Experimental program
Comparison scheme
Effect test

Embodiment 1

[0193] (Example 1: VOPc(PhS) 8 {2,6-(CH 3 ) 2 PhO} 4 {(C 2 h 5 ) 2 NCH 2 CH 2 NH} 4 Synthesis)

[0194] In a 100ml four-necked flask, 10g (20.7mmol) of 3-(2,6-dimethylphenoxy)-4,5-bis(phenylthio)-6-fluorophthalonitrile, 0.978 g (6.22 mmol) of vanadium trichloride, 0.81 g of octanol and 14.19 g of benzonitrile. The contents of the flask were then stirred continuously at reflux for approximately four hours. Thereafter, the mixture in the flask was cooled to 60° C. together with 30 g of benzonitrile added thereto, and the resulting mixture was cooled to 60° C. together with 14.45 g (124 mmol) of N,N-diethylethylenediamine added thereto. Stirring was continued for about six hours. The stirred mixture was cooled, and the reaction solution in the flask was filtered. The filtrate was added dropwise to a mixed solution of acetonitrile and water to precipitate crystals, which were then washed with a mixed solution of acetonitrile and water.

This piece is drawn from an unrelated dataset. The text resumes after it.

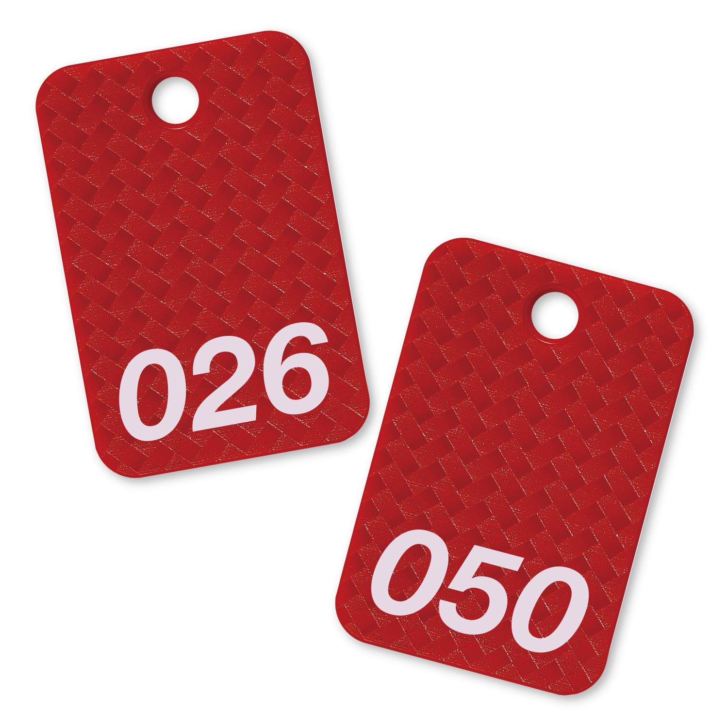 高級感のある網目柄の角型番号札 荷物のお預かりや順番待ちの整理券として使用できます。 【サイズ】W40×D60×H2.7 【穴径】約6.5mm 【入り数】25枚 【内容】番号札26~50 【材質】再生PS 【生産国】日本

By vacuum drying, 7.79 g of VOPc(...

Embodiment 2

[0200] (Example 2: VOPc{2-(CH 2 O)PhS} 8 {2,6-(CH 3 ) 2 PhO} 4 {(C 2 h 5 ) 2 NCH 2 CH 2 NH} 4 Synthesis)

[0201] According to the steps of Example 1, while using 11.23g (20.7mmol) of 3-(2,6-dimethylphenoxy)-4,5-bis(2-methoxyphenylsulfanyl)-6-fluoro Phthalonitrile replaced 10 g of 3-(2,6-dimethylphenoxy)-4,5-bis(phenylthio)-6-fluorophthalonitrile to give 8.06 g (yield : 59.4mol%, based on 3-(2,6-dimethylphenoxy)-4,5-bis(2-methoxyphenylthio)-6-fluorophthalonitrile) VOPc{2 -(CH 2 OPhS) 8 {2,6-(CH 3 ) 2 PhO} 4 {(C 2 h 5 ) 2 NCH 2 CH 2 NH} 4 .

[0202] Elemental analysis

[0203] Using the same method as in Example 1, the maximum absorption wavelength, visible light transmittance and solubility of the obtained phthalocyanine compound were tested. The test results are shown in Table 23 below.

Embodiment 3

[0204] (Example 3: VOPc(PhS) 8 {2,6-(CH 3 ) 2 PhO} 4 [{(CH 3 ) 2 NCH 2 CH 2 NH}] 4 Synthesis)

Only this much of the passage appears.